Saturday, October 30, 2010

Castle Ravenloft - Video's Review


So we've seen what the players thought about Castle Ravenloft this week, and it's time for me to chime in.  As I said before, I bought this game because I had been looking for a multi-player dungeon crawling board game where nobody had to control the monsters on the board.  I bought Tomb for this, I bought an electronic Dungeons and Dragons board game to serve as inspiration in maybe designing my own, I bought Arkham Horror, and finally Castle Ravenloft.  So how's it hold up?

Inspiration!

The rules included with the game read very well, and it seems like they would cover everything that could happen in the game, that is, until you sit down and wonder what half the stuff you're looking at is.  There's monster cards and monster tokens, trap tokens that are labeled as coffins, and trap tokens that are 2x2 squares with trap descriptions on them.  Rules for treasure and encounters are briefly mentioned and not made a big deal of.  We figured it out, but you shouldn't have to figure out a brand new game.  The manual needed a page explaining what everything was for and what adventures you would use them with.

There were some other problems that were in the rules where they didn't spell out how some interactions work.  I understand that this is DnD light, but toss in an FAQ page of some of the weirder things that can come up, like what if players are equal distance from a monster, which one does it consider "closest"?  Are those tombs on the board something the players can step on, or not?
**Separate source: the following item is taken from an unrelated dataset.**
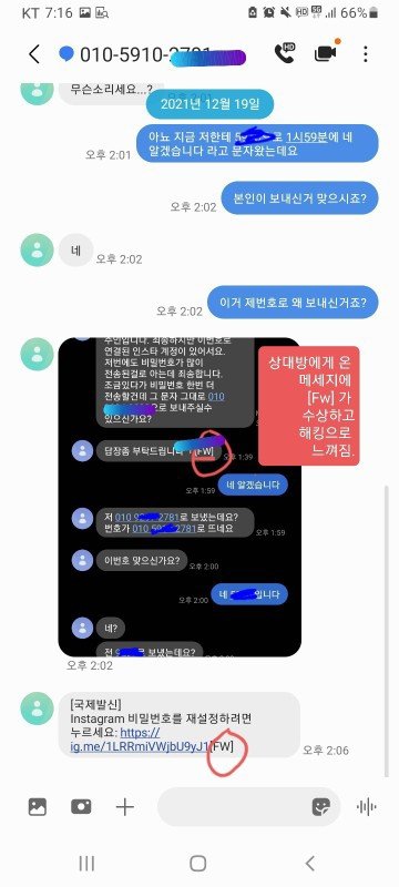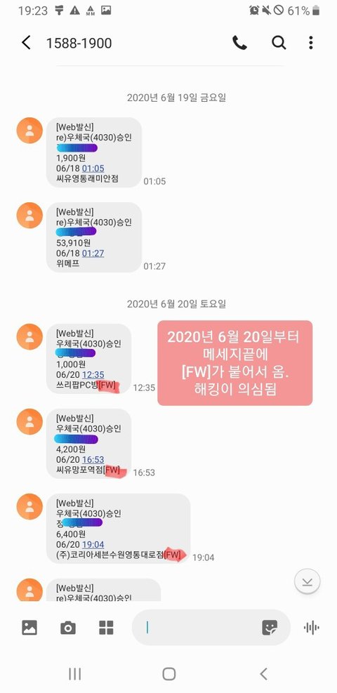 해킹증거들 중 하나인데 항상 핸드폰 문자메세지에 [FW]라고 딸려옴.

The tiles on the board worked very well as a mapping system, but falls flat on what they could have been.  Every tile spawns a monster, and some of them cause encounters to go off as well.  The monster will undoubtedly come and hit you, and nearly every encounter was something terrible about to happen.  Good call on not causing every tile to spawn an encounter, but how about not having every tile spawn a monster?  Create a few sanctuary spaces where players can rest, heal, and regroup to press onward without worrying about having to spawn encounters for not doing anything.
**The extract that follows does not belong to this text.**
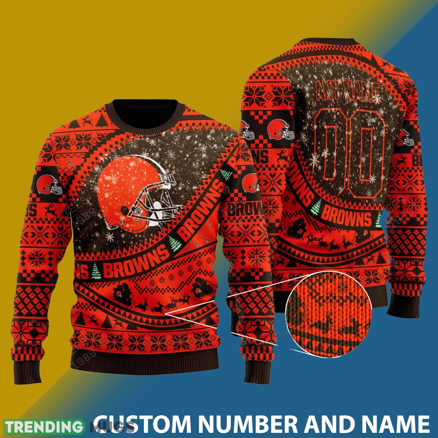 Don’t miss out on this must-have item for any Cleveland Browns fan. Order your NFL Ugly Snowflakes Reindeer 3D Sweater Custom Number And Name today and let your team spirit shine brighter than ever before!

The monsters are easy to kill, most requiring one or two hits, but have no problems hitting you with their extremely high to hit scores.  A +11 on a kobold is ridiculous.  What's more, the monsters will always get the first chance to hit you, as they don't appear until the end of your hero phase, way too late to get an attack off.  But since the order of operations for them is "spawn room, spawn monster, activate monster", it kinda sucks.  In addition, some of those guys hit hard, and for low level adventures, maybe WOTC should have considered pulling them out of the deck and allowing them to get ramped up a little more over time.  Our first two monster pulls were a gargoyle and a burning skeleton, two of the hardest random monsters in the deck. 

 
Seriously.  That's how it went down.
So the party defeats the monster, and you get to draw from the treasure stack.  Ready for your new weapon upgrade, or better armor?  Too bad!  Your reward for defeating the wolf is to immediately spawn a room wherever you like, spawn a monster, but you don't have to spawn an encounter!  Wow!  Now you only have to deal with TWO monsters on your turn, the kobold you spawned for being on the edge of the room, and a wraith that got spawned from getting treasure.  Hope you didn't get that amazing reward in your first couple rooms!  How can that be construed to be a treasure?  Well, it's one less tile that you have to spawn to get to your goal, but why does it have to spawn a monster?  Most of the "treasure" cards are immediate one shot deals like this that if they don't apply to your current situation, are worthless.  Treasure means treasure, WOTC.

The players have some interesting abilities pulled straight from 4th edition that you can customize your character with.  It adds a bit of flavor to the game, although some of the abilities almost seem required, making going too much outside of a comfort zone a dangerous decision.  They also have the ability to level up by pulling one of the rare treasure cards, or by rolling a 20 and spending 5xp worth of experience from the pool used to negate encounters with.  It actually happened a few times in our games, so it's not unheard of.

With all of this said, how does the game come together?  Well, the game is trying to kill you every step of the way.  There's no downtime.  It's an attempt to get as deep into the castle as you can and do anything to get your goal tiles to spawn.  The rewards aren't enough to bolster any kind of confidence, the abilities that might be considered awesome or game breaking are balanced by constantly hovering at death's door, and the healing surges given are there not for when things go wrong, but for when the inevitable happens. 

I rolled a 1, 1, 2, and 1, in that order before I got new dice
But it is a fun experience.  The players around the table worked together to try to beat the board, and nobody left the table upset or angry about what had happened.  We had a real feeling of accomplishment that many other games don't offer.  There's a lot of room for improvement on this, which I hope they address with expansion packs.  Actual treasure, some tiles that don't try to murder you for spawning them, and maybe some random NPC's to pop up instead of monsters would add so much more depth to this game.  The concept is really good, WOTC.  Now let's see you make it awesome.